Weiss wer, was ich noch machen übersehen habe?


----------



## Maximodo (24. September 2004)

Ist auf beiden Rechnern die Dateifreigabe aktiviert und ein Ordner freigegeben? Vereinfachte Dateifreigabe kannst du deaktivieren. Wenn du schon in den Sicherheitsrichtlinien rumgemacht hast dann Öffne Sie nochmal geh auf Ihre eigenschaften und deaktiviere Sie mal zum testen! Danach in die eine dos Konsole und beim Win XP Rechner "gpupdate /boot" eingeben.
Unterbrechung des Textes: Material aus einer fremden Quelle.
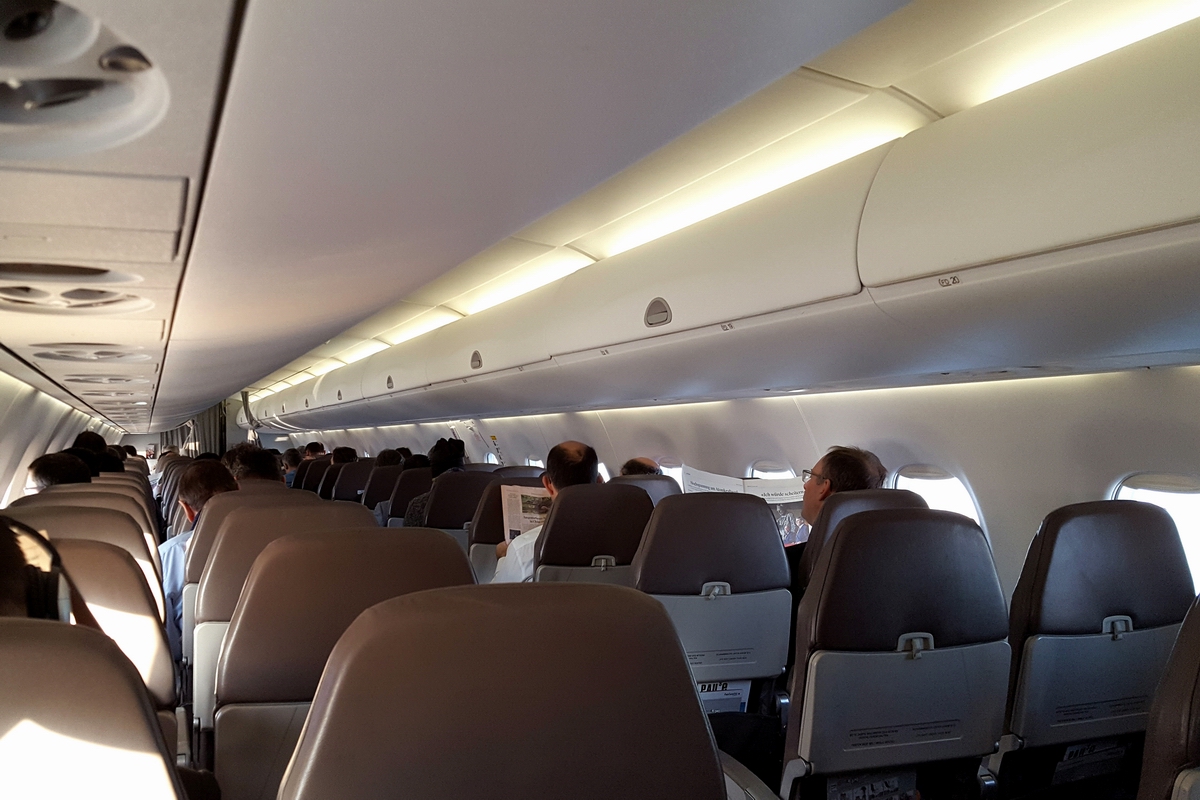 Die Kabine dieses Embraer ERJ-190LR Flugzeuges.

Beim Win2000 
geht das mit "secedit /refreshpolicy userpolicy"
"secedit /refreshpolicy ´machine_policy"
danach neu starten und nochmal testen


----------



## Kocha (28. September 2004)

Hm..is ne schräge Sache..hab's dann irgndwie geschafft, die Dateien vom Win2k auf n XP Rechner rüberzuschaufeln und hab den Win2k frisch aufgesetzt, seither geht's einfach so. Beide Rechner tauchen beidseitig im Netzwerk auf, bei beiden kann ich auf den anderen zugreiffen. 

Naja..danke trotzdem..


----------